| Material shown |
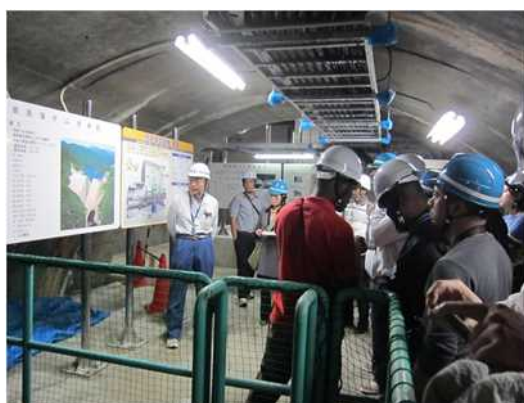
写真-1 総合水資源管理の研修
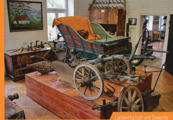
Landwirtschaft und Gewerbe
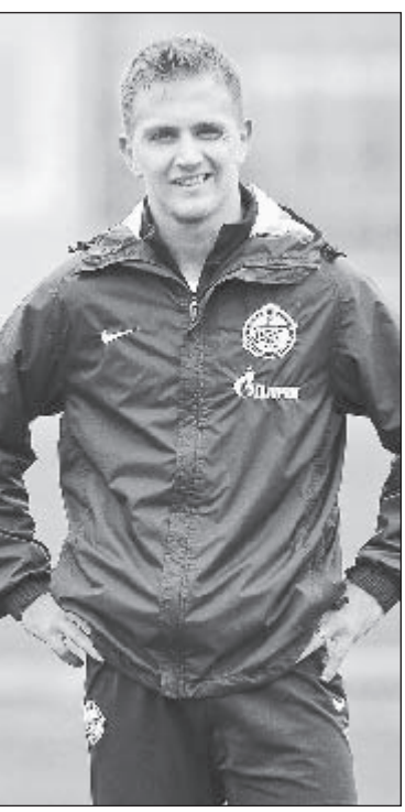
Внезапно ЕВРОКУБИКОВ
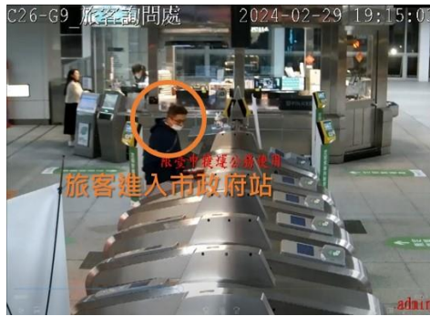
圖 1、旅客進入市政府站

19:15 旅客自市政府站進站時，手提紙袋及安全帽，行為並無異常，於2月台搭乘下行（往高鐵臺中站）車組17（車尾）/18（車頭），坐於17車廂（車尾）。
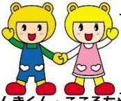
げんきくん・こころちゃん
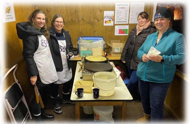
Weihnachtsmarkt im Alten Kurpark
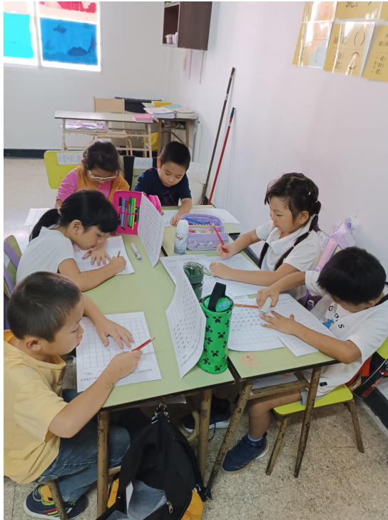
阿根廷華興中文學校2024年 小學部硬筆字比賽3
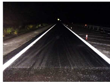
舗装補修工事（施工後）
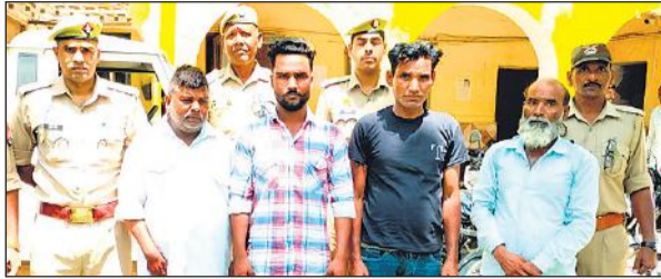
पुलिस हिरासत में पकड़े गए आरोपी।
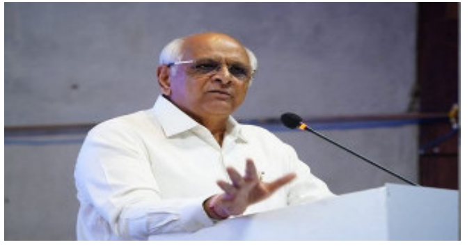
ઉકત કાયદાની જોગવાઈ અથવા તેના અંતર્ગત બનાવાયેલા નિયમો તથા તેની સૂચનાઓની જરૂરી પુર્તતા કે ભંગ બદલ, કોઈ પણ જાતના વાજબી કારણો વિના જોગવાઈઓનું પાલન કરવામાં નિષ્ફળ જતાં, જો દોષિત ઠરતા, ત્રણ માસ સુધીની જેલની સજા અથવા મહત્તમ રૂપિયા બે લાખ સુધી અથવા બંનેની સજાની જોગવાઈ કરવામાં આવેલ છે અને જો આવી જોગવાઈનો ભંગ થાય હોય તો, નિયમની અમલવારીના દોષિત થયાના હેલા દિવસથી રોજના રૂ. ૧૦,૦૦૦/- પહેલા કલમ-૫૪માં વીજ લાયસન્સ અને અન્ય વ્યક્તિ દ્વારા, જેલની સજા અથવા મહત્તમ રૂપિયા બે લાખ સુધી અથવા બંનેની સજાની જોગવાઈ કરવામાં આવેલ છે અને તેના હેઠળ ઘડાયેલ નિયમોનું પાલન સુનિશ્ચિત કરવા માટે કરવામાં

ક્રીમીન લાઈઝ કરી, માત્ર ઉચ્ચ શ્રેણીમાં વર્ગીકૃત કરાયેલા કૃત્યોના ઉલ્લંઘન માટે જ જેલની સજાની જોગવાઈ આપવી કરવા અંગેનો સુધારો કરવાનો નિર્ણય કરવામાં આવેલ છે. રાજ્ય સરકાર દ્વારા કાયદાના પાલનમાં સરળીકરણ કરવાના આશયથી તથા ગંભીર પ્રકારની જોગવાઈના ભંગ બદલ, જેલની સજાની જોગવાઈ આપવી કરવાનો નિર્ણય કરવામાં આવેલ છે અને તે અંતર્ગત ગુજરાત વિદ્યુત ઉદ્યોગ (પુનર્ગઠન અને નિયમન) સુધારા બિલ, ૨૦૨૨ ઘડવામાં આવી છે. સુચિત બિલની જોગવાઈઓ બંધારણના ૭૩મું શિલ્ડુબની યાદી નં. ૨ અને ૩માં આવે છે. બિલની જોગવાઈઓ કેન્દ્રીય કાયદાઓને સ્પર્શતી હોઈ, બંધારણની કલમ ૨૫૪-(૨) હેઠળ સદર સુધારા બિલ વિધાનસભામાં પસાર થયા બાદ માનનીય રાષ્ટ્રપતિ મહોદયની મંજૂરી માટે મોકલવામાં આવશે. આ ગુજરાત વિદ્યુત ઉદ્યોગ (પુનર્ગઠન અને નિયમન) (સુધારા) વિધેયક-૨૦૨૨ વિધાનસભા ખાતે સર્વાનુમતે પસાર કરાયું હતું.

| The task |
Copy all records exactly; omit images.

| Expected answer |
写真-1 総合水資源管理の研修
Landwirtschaft und Gewerbe
Внезапно ЕВРОКУБИКОВ
圖 1、旅客進入市政府站

19:15 旅客自市政府站進站時，手提紙袋及安全帽，行為並無異常，於2月台搭乘下行（往高鐵臺中站）車組17（車尾）/18（車頭），坐於17車廂（車尾）。
げんきくん・こころちゃん
Weihnachtsmarkt im Alten Kurpark
阿根廷華興中文學校2024年 小學部硬筆字比賽3
舗装補修工事（施工後）
पुलिस हिरासत में पकड़े गए आरोपी।
ઉકત કાયદાની જોગવાઈ અથવા તેના અંતર્ગત બનાવાયેલા નિયમો તથા તેની સૂચનાઓની જરૂરી પુર્તતા કે ભંગ બદલ, કોઈ પણ જાતના વાજબી કારણો વિના જોગવાઈઓનું પાલન કરવામાં નિષ્ફળ જતાં, જો દોષિત ઠરતા, ત્રણ માસ સુધીની જેલની સજા અથવા મહત્તમ રૂપિયા બે લાખ સુધી અથવા બંનેની સજાની જોગવાઈ કરવામાં આવેલ છે અને જો આવી જોગવાઈનો ભંગ થાય હોય તો, નિયમની અમલવારીના દોષિત થયાના હેલા દિવસથી રોજના રૂ. ૧૦,૦૦૦/- પહેલા કલમ-૫૪માં વીજ લાયસન્સ અને અન્ય વ્યક્તિ દ્વારા, જેલની સજા અથવા મહત્તમ રૂપિયા બે લાખ સુધી અથવા બંનેની સજાની જોગવાઈ કરવામાં આવેલ છે અને તેના હેઠળ ઘડાયેલ નિયમોનું પાલન સુનિશ્ચિત કરવા માટે કરવામાં

ક્રીમીન લાઈઝ કરી, માત્ર ઉચ્ચ શ્રેણીમાં વર્ગીકૃત કરાયેલા કૃત્યોના ઉલ્લંઘન માટે જ જેલની સજાની જોગવાઈ આપવી કરવા અંગેનો સુધારો કરવાનો નિર્ણય કરવામાં આવેલ છે. રાજ્ય સરકાર દ્વારા કાયદાના પાલનમાં સરળીકરણ કરવાના આશયથી તથા ગંભીર પ્રકારની જોગવાઈના ભંગ બદલ, જેલની સજાની જોગવાઈ આપવી કરવાનો નિર્ણય કરવામાં આવેલ છે અને તે અંતર્ગત ગુજરાત વિદ્યુત ઉદ્યોગ (પુનર્ગઠન અને નિયમન) સુધારા બિલ, ૨૦૨૨ ઘડવામાં આવી છે. સુચિત બિલની જોગવાઈઓ બંધારણના ૭૩મું શિલ્ડુબની યાદી નં. ૨ અને ૩માં આવે છે. બિલની જોગવાઈઓ કેન્દ્રીય કાયદાઓને સ્પર્શતી હોઈ, બંધારણની કલમ ૨૫૪-(૨) હેઠળ સદર સુધારા બિલ વિધાનસભામાં પસાર થયા બાદ માનનીય રાષ્ટ્રપતિ મહોદયની મંજૂરી માટે મોકલવામાં આવશે. આ ગુજરાત વિદ્યુત ઉદ્યોગ (પુનર્ગઠન અને નિયમન) (સુધારા) વિધેયક-૨૦૨૨ વિધાનસભા ખાતે સર્વાનુમતે પસાર કરાયું હતું.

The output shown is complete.